About Providence, Divine Action and the Church


In this blog, Terry J. Wright posts thoughts and shares research on the Christian doctrine of providence. This doctrine testifies to God’s provision for all things through creation’s high priest, the man Christ Jesus. However, the precise meaning and manner of this provision is a perpetually open question, and this blog is a forum for discussion of the many issues relating to providence and the place of the Church within God’s action.

Tuesday, 12 August 2014

A New(ish?) Book on Barth, Calvin and Schleiermacher on Providence – and a Forthcoming Book on Providence and Disability

It’s amazing what a quick browse through Amazon reveals. Here are two newish books on providence. Barth fans will particularly want the first one, I’m sure. I hadn’t seen it listed before, but Amazon says the paperback’s been out since January! Anyway, to business:


This dissertation stages an intervention in Reformed readings of the doctrine of providence, particularly around Barth's critical interpretation of the tradition stemming from Calvin and Schleiermacher, and provides a critical and constructive assessment of Barth's contribution. The author argues that while Barth advances the discussion in key ways, his reading of Calvin in particular is significantly hampered by his running challenge to Schleiermacher. Following an assessment of Barth's critique of the Reformed position, the author provides an extensive reading of Calvin's writings, demonstrating that Calvin is far more concerned with the Christological basis and Christian meaning of providence than Barth's theology recognizes; as well, Schleiermacher's theological construction problematizes aspects of Barth's reading. The upshot of this work is that each of these theologians provide critical safeguards and soundings that need to be heard in concert and mutual correction for a robust doctrine of divine providence.

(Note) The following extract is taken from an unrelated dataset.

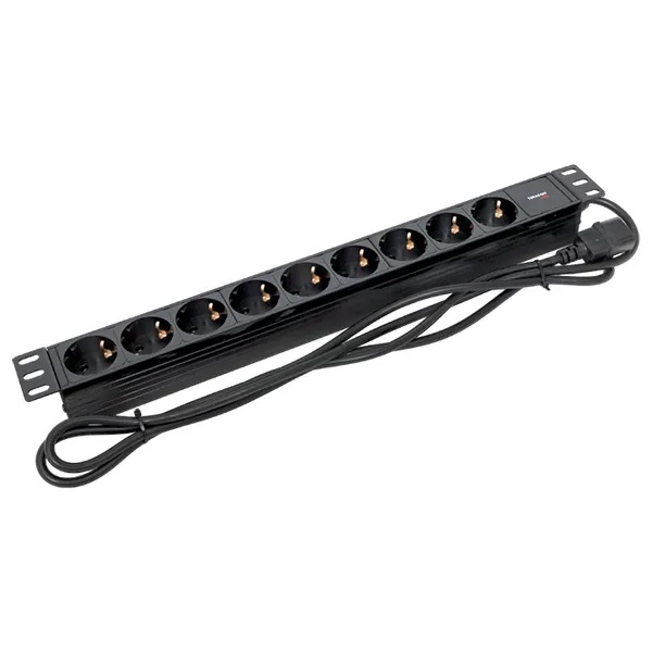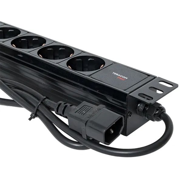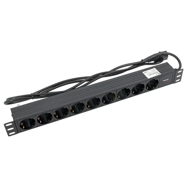 Блок розеток TERACOM 19" 1U предназначен для использования в серверных стойках. Он имеет 9 розеток стандарта Schuko (тип F), рассчитанных на напряжение 250 В и ток 10 А. Устройство выполнено в формате 1U, что позволяет компактно размещать его в стандартной 19-дюймовой стойке. Блок оборудован кабелем длиной 2 метра с вилкой С14, что обеспечивает удобное подключение к электросети. Это решение идеально подходит для распределения питания в серверных, телекоммуникационных и других IT-инфраструктурах.

And here’s the second one:


Human disability raises the hardest questions of human existence and leads directly to the problem of causality – the underlying intuition that someone, divine or human, must have been at fault. Christian theology has responded with almost singular attention to Providence, the expression of divine will in the world as the cause of all things. This preoccupation holds captive the Christian imagination, leaving the Church ill-equipped to engage the human reality of disability. Theological reflection, argues Hans Reinders, can arise only as a second-order activity that follows after real attention to the experience of disability. This book offers a more excellent way to address this difficult subject. Reinders guides readers away from an identification of disability with tragedy – via lament – to the possibility of theological hope and its expression of God's presence. In particular, Reinders reconsiders two of the main traditional sources in Christian thought about Providence, the biblical text of Job and the theological work of John Calvin. Throughout the book, first-person accounts of disability open up biblical texts and Christian theology–rather than the other way around. In the end, a theology of Providence begins with the presence of the Spirit, not with the problem of causality.

Reinders’s volume immediately catches my eye, though I’ll be interested to see what Kim has to say about Calvin. Sigh. . . I wish the providence of God would so arrange for me to have both of these books. And the time to read them.